As Winona County continues to trudge through the frac sand debate and every associated issue, we should be thankful at least for this:
Our elected officials haven't done anything nearly as stupid as the ones north of here.
Red Wing mayor Dennis Egan was recently hired to lead a lobbying group for the frac sand industry. He doesn't think it's a conflict of interest to be the mayor of a town that has dealt with and will continue to deal with the processing, trucking, shipping and other businesses leaping at the chance to handle the dusty gold companies are digging out of southeast Minnesota and western Wisconsin mines.
Clearly he doesn't think much at all.
Even if he chooses not to vote on a single issue or permit related to frac sand, he's still nothing more than a lobbyist lawmaker_which should be an oxymoron.
We never thought we'd be in a position to praise our elected officials for steering clear of frac sand interests.
But then again, it has proved impossible to define just how alluring a boom industry can be to people responsible for regulating it. In Buffalo County, for example, the long-time zoning administrator turned in his resignation and signed on with a frac sand development company not long after companies began crossing the county line. Without his leadership, the county is still struggling to figure out how to deal with the industry.
The debate is far from over. There are still plenty of rumors to debunk, plenty of good science to shine a light on, plenty of studying and discussing left to do on real issues.
So we should be thankful we have some good people in place leading us through it. The city of Winona and Winona County have reasonable and thoughtful people working hard to figure out how to stay on top and in front of the sandstorm.
Two in particular who deserve credit are Jason Gilman, the county's planning and environmental services director, and Winona assistant city planner Carlos Espinosa.
Espinosa guided the city through a yearlong process to write a comprehensive plan for regulating and permitting all areas of the industry. Gilman, we imagine, is swamped at this very moment reading comments on environmental reviews for two proposed mines — and figuring out whether the county will need to lead a longer and exhaustive review of Saratoga Township.
And we should be thankful, too, that our elected officials understand the difference between lobbying and lawmaking.
The Free Press of Mankato, Feb. 7
State pension deficiencies need attention
The $16 billion unfunded liability in state public employee pension funds seems daunting enough but apparently brings little sense of fiscal urgency to those who can fix it.
That figure is approximately what it costs to run the entire state for a year.
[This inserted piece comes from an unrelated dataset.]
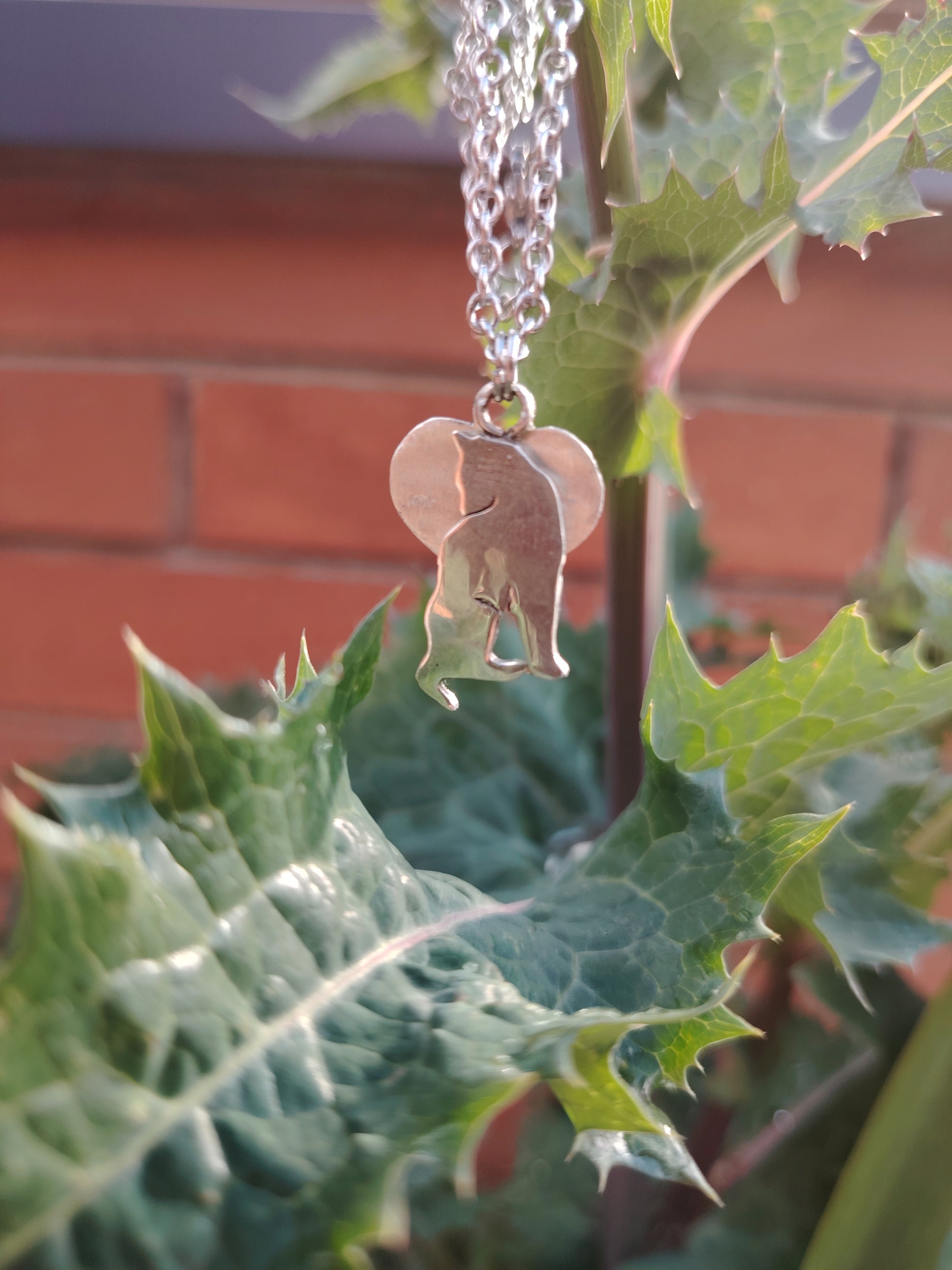 Collana in argento 925 realizzata a mano, con doppio ciondolo (gatto+medaglietta a forma di cuore con iniziale incisa). Perfetta come idea regalo per tutti gli amanti e proprietari di gatti.

The shortfall is the difference between what has been promised public employees as pension benefits and what is available to pay for those benefits. Most of the experts know the causes of the unfunded liabilities and they know the solutions for bringing these funds into balance, but political leaders seem unwilling to address either. Worse, some don't see it as a major problem even though the gap has doubled since 2006.
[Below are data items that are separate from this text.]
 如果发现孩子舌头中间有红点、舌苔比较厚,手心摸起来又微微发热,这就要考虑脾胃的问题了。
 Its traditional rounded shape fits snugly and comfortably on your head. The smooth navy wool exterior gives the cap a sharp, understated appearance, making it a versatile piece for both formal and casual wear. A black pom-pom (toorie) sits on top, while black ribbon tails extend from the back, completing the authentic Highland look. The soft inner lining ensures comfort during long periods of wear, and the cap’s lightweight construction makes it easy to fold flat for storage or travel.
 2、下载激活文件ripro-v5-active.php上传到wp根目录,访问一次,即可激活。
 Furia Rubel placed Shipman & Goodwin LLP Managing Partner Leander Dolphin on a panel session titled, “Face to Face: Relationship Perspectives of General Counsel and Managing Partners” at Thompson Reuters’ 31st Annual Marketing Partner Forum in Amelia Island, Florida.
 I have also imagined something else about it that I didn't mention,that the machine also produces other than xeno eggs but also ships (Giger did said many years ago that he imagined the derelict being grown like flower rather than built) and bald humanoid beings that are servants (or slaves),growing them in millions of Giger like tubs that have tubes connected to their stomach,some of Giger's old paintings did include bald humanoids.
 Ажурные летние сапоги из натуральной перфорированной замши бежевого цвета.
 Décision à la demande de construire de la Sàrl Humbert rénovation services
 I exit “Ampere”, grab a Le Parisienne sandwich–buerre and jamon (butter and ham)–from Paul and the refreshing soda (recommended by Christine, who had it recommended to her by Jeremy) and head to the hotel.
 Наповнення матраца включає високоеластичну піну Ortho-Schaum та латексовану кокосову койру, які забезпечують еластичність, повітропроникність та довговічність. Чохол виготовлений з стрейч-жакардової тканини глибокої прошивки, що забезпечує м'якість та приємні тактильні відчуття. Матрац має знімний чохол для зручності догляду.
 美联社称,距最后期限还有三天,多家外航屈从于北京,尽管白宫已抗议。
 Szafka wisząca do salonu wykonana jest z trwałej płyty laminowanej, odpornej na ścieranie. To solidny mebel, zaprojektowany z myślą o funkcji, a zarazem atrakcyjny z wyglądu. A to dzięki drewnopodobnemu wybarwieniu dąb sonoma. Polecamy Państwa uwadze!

Larry Martin, executive director of Minnesota's Legislative Commission on Pensions and Retirement, sees the problem. He told the St. Paul Pioneer Press: "Is there a need for concern? Yes. We're departing -- significantly -- from what we think we ought to be doing."
Some 11 of the 12 public pension plans that remain open to new members are not taking in enough money to pay benefits promised.
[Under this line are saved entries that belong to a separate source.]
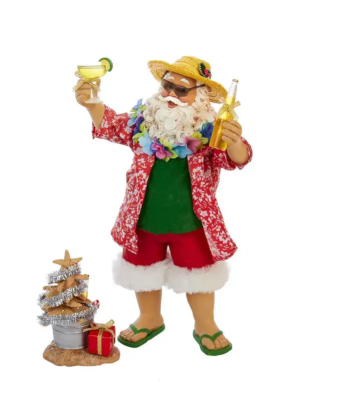 This 10″ Fabriché™ beach Santa set of 2 pieces is a fun and festive addition to any holiday décor! Santa Claus is featured here ready for a day at the beach . He is wearing a sun hat, sunglasses, and a tropical shirt (with white-trimmed red shorts, of course). He has a margarita in one hand, a beer in his other hand, and a sand Christmas tree at his feet!
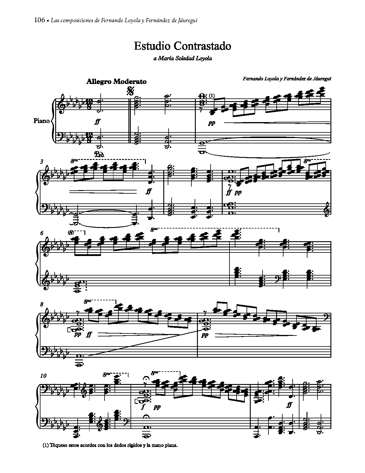 | Extra Information | Estudio publicado en el álbum #2 con obras para piano y canto, en que ingeniosamente las secciones se interpretan utilizando sólo las teclas negras o blancas del teclado, este recurso ya había sido utilizado por Stravinsky en los dos primeros solos de la consagración de la primavera, el fagot con las notas correspondientes a las teclas blancas del piano y el corno inglés a las negras, pero desconocemos si Loyola era consciente de esto. |
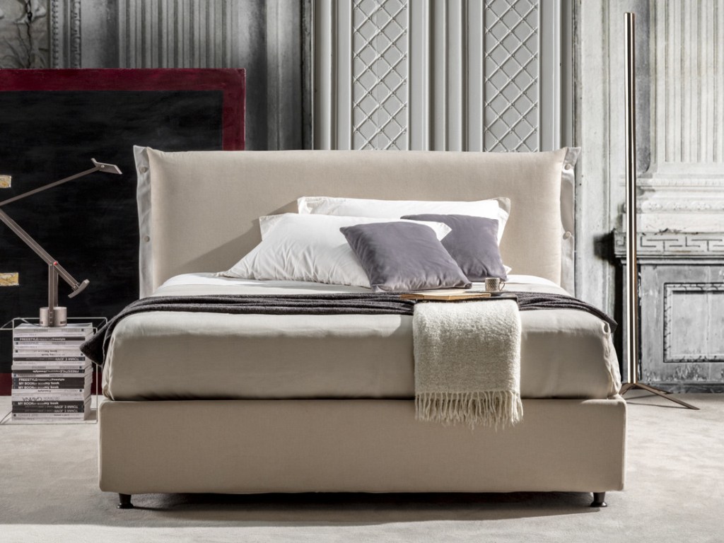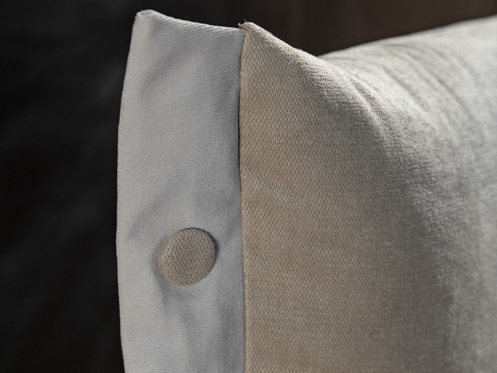 Classicità con stile: testata arricchita da un volant impreziosito da bottoni.
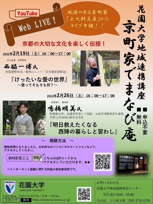 《YouTube LIVE》地域連携講座「京町家でまなび庵」
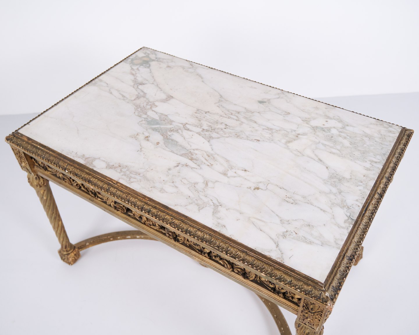 Antique Salon Table With Marble Top – Detailed Carvings – Gilded Wood – Louis XVI Style – 1850s

The plans vary in the level of funding from a low of 60 percent funded for the St. Paul teacher's pension to about a 90 percent funding for the corrections employees fund. Many of the pensions had been fully funded in 2000.
The problems stem from payments into the funds that aren't sufficient to pay benefits and faulty assumptions about investment returns. At varying times, fund managers estimated returns in the 8 percent range, but when the Great Recession hit, returns were far, far below that. In fiscal year 2012, the investment return was just 2.4 percent.